One day my dreams seemed to have come true.  We were chatting by the photocopier when somehow or other I ended up being invited to dinner at her flat in Sui Sai Wan on Hong Kong Island.  That day my classes passed in a blur; my mind distracted by the wonderful prospect of the evening’s date.  As soon as my classes finished, I sped home, showered, changed and tried to think of some amusing lines or anecdotes I would use to woo my lovely colleague.  En route I picked up a bottle of red and a box of chocolates from the Seven Eleven, jumped on the MTR (the subway) and headed off for a night of romance. 
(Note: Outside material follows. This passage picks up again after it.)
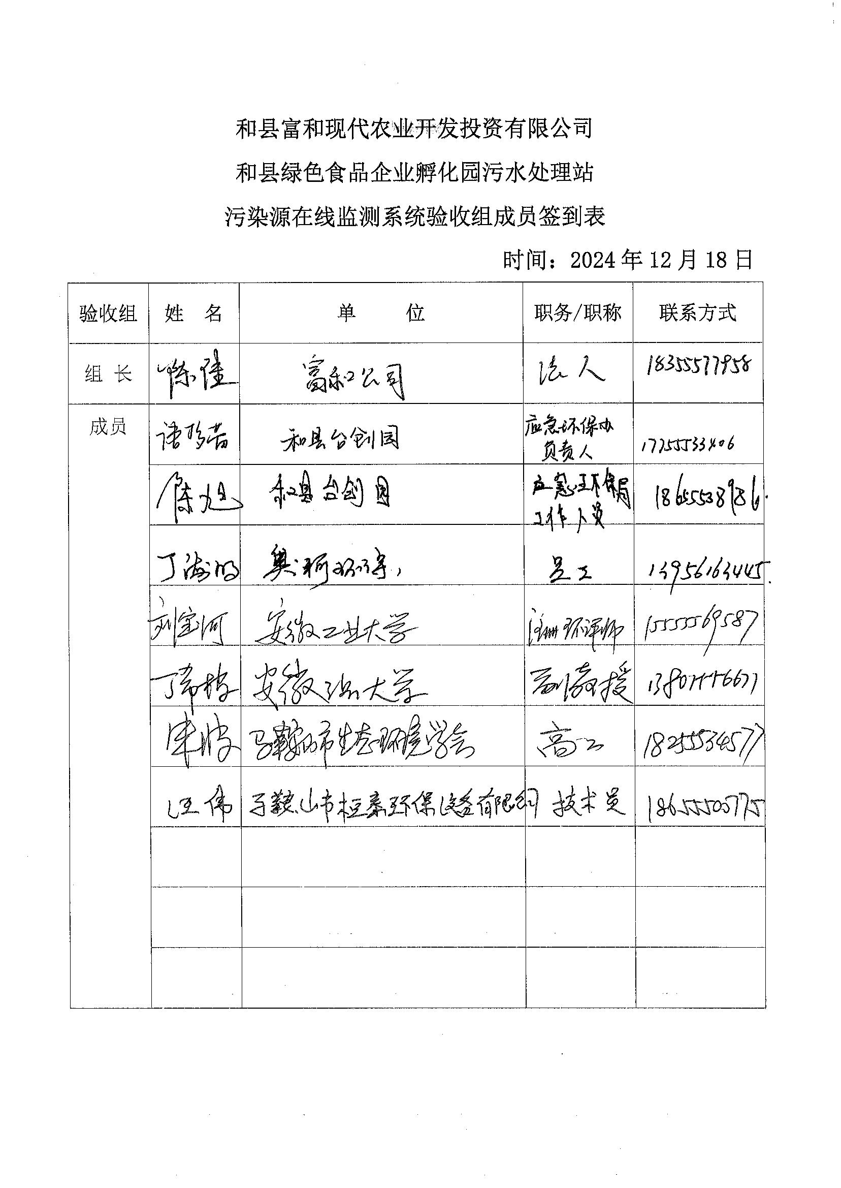 和县富和现代农业开发投资有限公司和县绿色食品企业孵化园污水处理站污染源在线监测系统技术验收意见 (1

There I was, staring up at one of Hong Kong’s ubiquitous skyscrapers that seemed to disappear into the mists, a patchwork of lights coming from the occupied apartments – one of them my colleague’s.  My heart pounding, I walked towards the tower block’s entrance firmly gripping my bottle of red in one hand and a box of pretty-good chocolates in the other. And that’s when everything started to go a bit pear shaped…

I saw a nice-looking couple in the lift smiling at me while holding the elevator doors open, so I broke into a sprint – and ran headlong into a wall of glass.  In the stunned moment immediately after the ‘bang’ my gaze took in the startled Nepalese security men looking at me from behind the reception desk, the couple in the lift frantically trying to press the button to close the lift doors, the neck of the wine bottle in my hand – the rest of the bottle was in bits in a pool of red wine on the floor, and the imprint of a Neanderthal-like nose and forehead on the glass doors I’d just run into.  I extracted my thumb from a soft-centered chocolate in the squished box, put it under my arm and opened the door.  I offered to clean up the mess, but the security guards were keen for me to just go, so I walked to the lift, blood oozing from a cut on the bridge of my nose and waited patiently for the lift.

Kate’s apartment door was ajar so when I rang the doorbell, I heard her shout ‘come in!’ and so walked in and popped my head around the living-room door where she was on the phone to her mum.  Her big smile disappeared instantly when she saw me with blood now all over one side of my face with smears of chocolate also present where I’d try to wipe the blood away.  She abruptly told her mum ‘I have to go’ and then listened to my explanation (still holding the neck of a bottle of wine in one hand) through blocked nose as she drove me to Accident and Emergency.  Four hours at A&E waiting for me to have stitches in my nose didn’t help – we never had another date.  I guess it’s true – love hurts, it really really does.